A study of the Glenloch, Kedron, Aberdeen and Braelinn shopping centers authored by Georgia Tech architecture students and Professor Richard Dagenhart was unveiled Tuesday, providing several recommendations to help them thrive into the future:

• Provide easy, pleasant access to the shopping centers, particularly for customers coming by golf cart;

• Increase the diversity of businesses in the centers to provide more than one reason to visit the area;

• Shopping centers should host community activities such as a farmer’s market or other children’s activities in an effort to lure shoppers. Dagenhart suggested monthly and even weekly activities would help increase foot traffic; and

• Village centers should create a “sense of place” to provide another reason to visit other than to go to a shop or eat at a restaurant. Dagenhart suggested that large green areas could be built in each center to provide an attractive place for community activities to occur, for example.

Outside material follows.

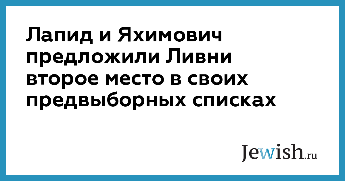 Лидер партии "Еш Атид" Яир Лапид в своем блоге в социальной сети Facebook написал о том, что он предложил второе место в предвыборном списке своей партии Ципи Ливни. Такое же предложение бывшему лидеру "Кадимы" сделала председатель партии "Авода" Шели Яхимович. Ципи Ливни, которая должна была на этой неделе официально сообщить о своем возвращении в большую политику, пока не ответила ни на одно из этих предложений.

Dagenhart and the students were commissioned for the study by the Development Authority of Peachtree City, which hosted a meeting on the recommendations Tuesday.

Dagenhart advocated for the city to build new cart paths to the village centers that would make trips shorter and therefore more convenient for patrons. Doing so would cost an estimated $382,000 but would provide a much larger return on sales at the Glenloch, Aberdeen, Braelinn and Kedron shopping centers, Dagenhart said.

There is also a possibility for redevelopment to occur at the various village centers, perhaps adding new buildings and creating golf cart parking close to stores, Dagenhart suggested.

To make room for the large green community areas at each shopping center, it’s a simple matter of disposing of unused parking spaces, Dagenhart said. He suggested that businesses only really need about three spaces for each 1,000 square foot of retail footprint.

Dagenhart also urged the city to look at allowing alternate uses in the village centers, including perhaps housing above retail shops and also office uses. The city could possibly adopt a special zoning category for the village centers to accomplish that goal, he added.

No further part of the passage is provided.